Not only do I not drink beer I know nothing about making it however I'm told it's not to far from wine.


----------



## Wade E (Mar 19, 2010)

We absolutely can help you through it, its not hard at all. what do you plan on making and what size pot do you have to brew in? There are no boil kits and they aret that bad but boil kits are better and all grain is the best but thats a little rough to start with and requires equipment and a full day!


----------



## TheTooth (Mar 20, 2010)

I'm sure we can help you out.

A good online resource to check out to familiarize yourself with the process is:
http://www.howtobrew.com/


----------



## djrockinsteve (Mar 20, 2010)

For Christmas I bought my son-in-law a beer kit. I'll get the name of the kit today and let you know.

I want to get the directions and familiarize myself with it.

Thanks for the help.


----------



## Wade E (Mar 20, 2010)

I really hope its not a Mr. Neer kit!!!!!!!!!!


----------



## djrockinsteve (Mar 20, 2010)

Wade E said:


> I really hope its not a Mr. Neer kit!!!!!!!!!!



I bought a cheap kit. Figured if he/we screw it up not a big deal.

I bought a Brewer's Best American Light and I'll see about getting the directions this or next week.

Glad I have help and support here. Jim's excited (and my step-daughter) about making their own beer.


----------



## Wade E (Mar 20, 2010)

Brewers best is a very good kit. The instructions are pretty good with these kits but we'll help you through anything you need clrifying on. Ive brewed a few of these kits and if I didnt have all the brewing equipment I do now I;d make more of these but after spending all this time and money building or buying all this equipment its much cheaper to make it using only grains instead of the dried malt extract or liquid malt extract. All Grain (AG) makes a better beer anyway but its a lot more work and you need much more equpiment so as not to struggle doing it. Youll be happy with this beer.


----------



## arcticsid (Mar 20, 2010)

My neighbor just started making his own beer. I don't recall the kits hes been using, they come from the Northern Brewer catalog. A 5 gallon kit is like 20 dollars-ish. It includes the syrup, yeast and other additives needed. These kits don't even require addiioanal sugar.

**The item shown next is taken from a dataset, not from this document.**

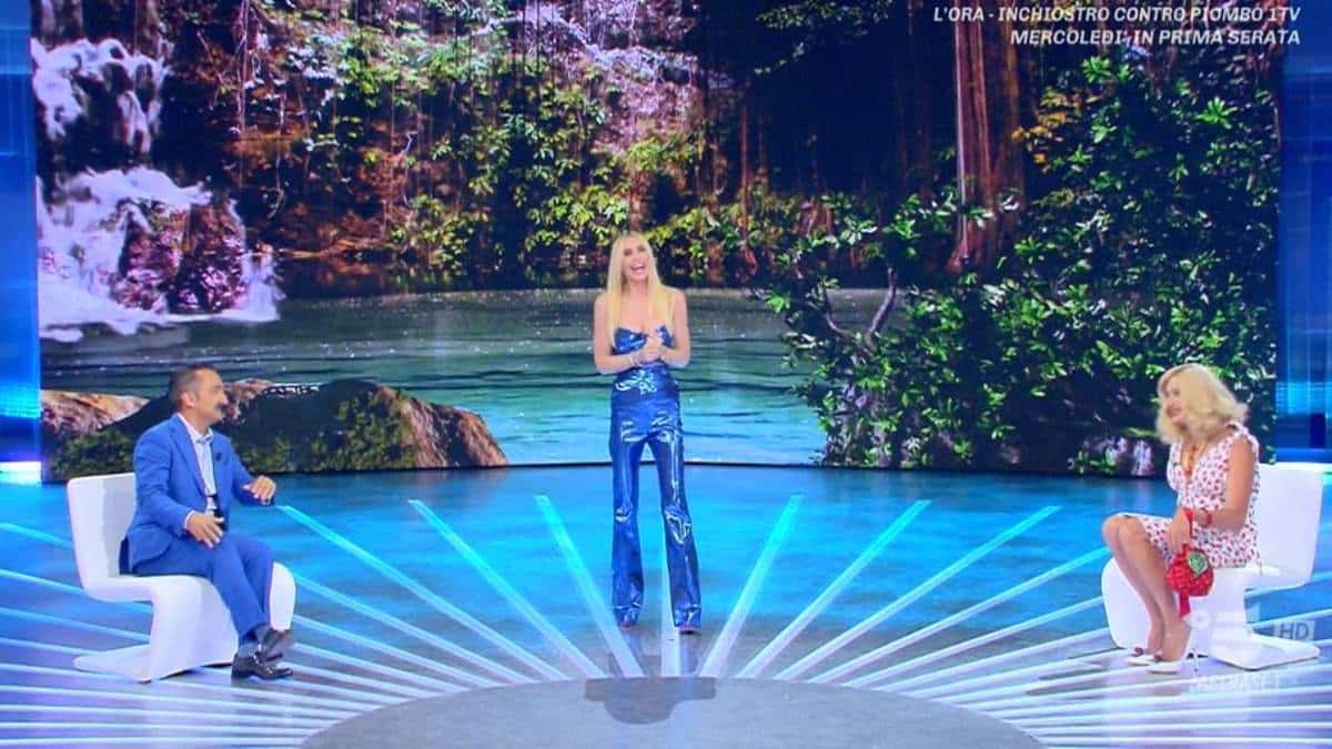 Un vestito talmente stretto che ha fatto persino fatica a camminare per raggiungere il centro dello studio. Ai piedi ha scelto un paio di sandali color oro, dal tacco vertiginoso e in abbinamento una collana dello stesso colore. Per la puntata del 13 giugno ha scelto una tuta di colore azzurro lucido che ha attirato l’attenzione del pubblico.

He simply adds the syrup to the pot with the required water, I think he's been throwing a hanful of grain for good measure. But it's boiled for an hour, cooled, adds the yeast ferments for about a week. He transfers it to a carboy allows it to sit for a wekk or so, transfers it to his cornie keg for a couple weeks and voila.

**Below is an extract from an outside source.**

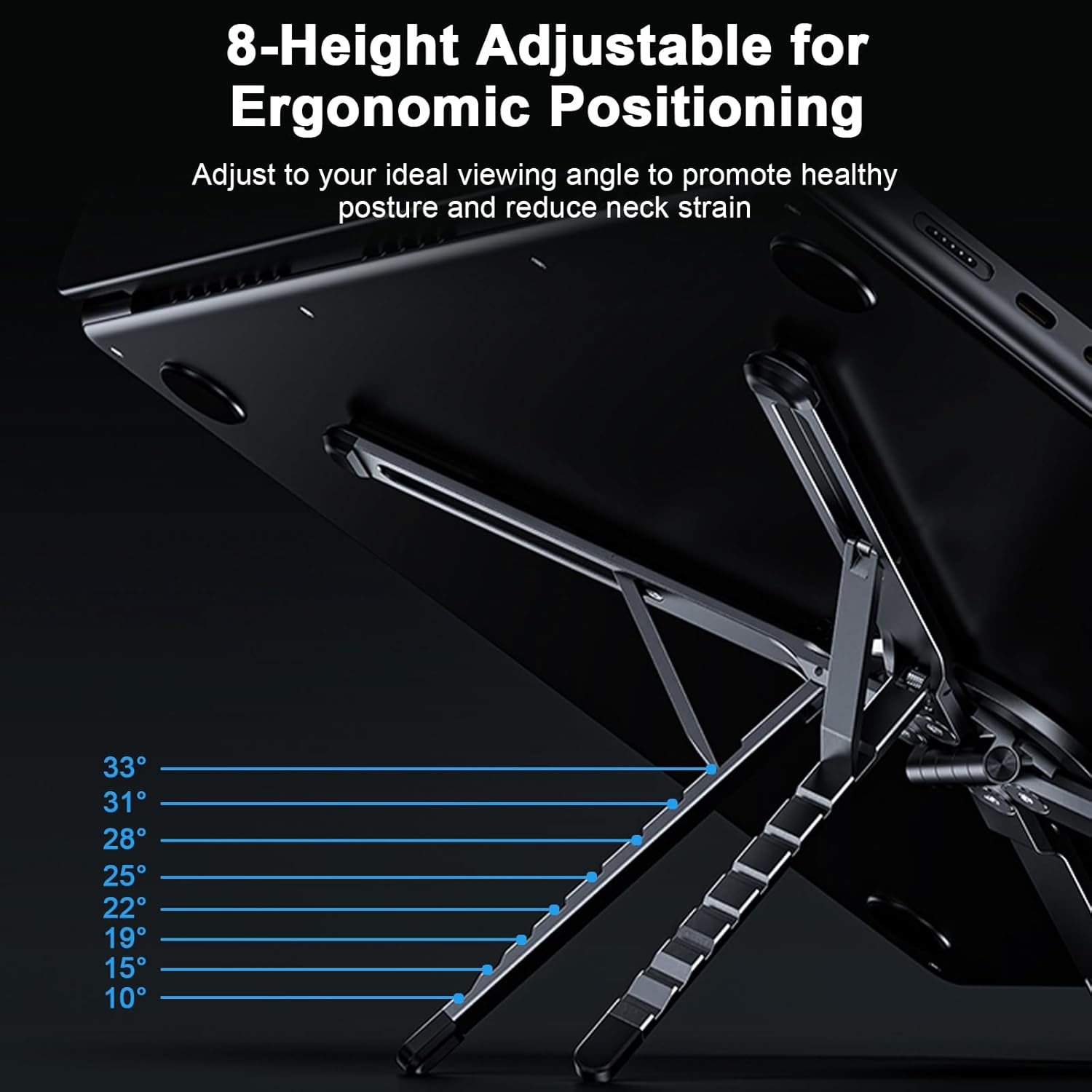 - 【Ergonomic 8-Angle Adjustment】Elevate your screen to the perfect eye level with 8 precise height adjustments, from 10° to 33°. This promotes a healthier posture to effectively reduce strain on your neck, back, and eyes during long hours of use. Whether you're working from home, in the office, or on a business trip, this foldable laptop stand helps you create a comfortable and productive workspace anywhere you go

From what I can see it as simle as hell. Good beer too!!

I haven't ventured into the beer yet but will be soon. And from what I can tell these kits are the way to go for the beginer instead of buying all these different hops, grains etc.

I am not endorsing any supply house over the other, but I get the Northern Brewer Catalogs in the mail, one for beer, one for wine. Because shipping here is so expensive, my local homebrewshop will match and order any price in there. Damn cool!!

Take a look at their online version at www.northernbrewer.com

They've got a great deal on these cornie kegs(thats the kind you may think of as a soda keg, with the removable lid. You get a 5 gallon keg, all the hoses, and the regulator for like $100, I'm sure you'll see it when you visit the site. No need for bottles!! You will need to purchase the co2 tank seperate, but Steve was telling me his little tank cost 20 dollars to fill and he is working on like batch 15 and still has gas in it.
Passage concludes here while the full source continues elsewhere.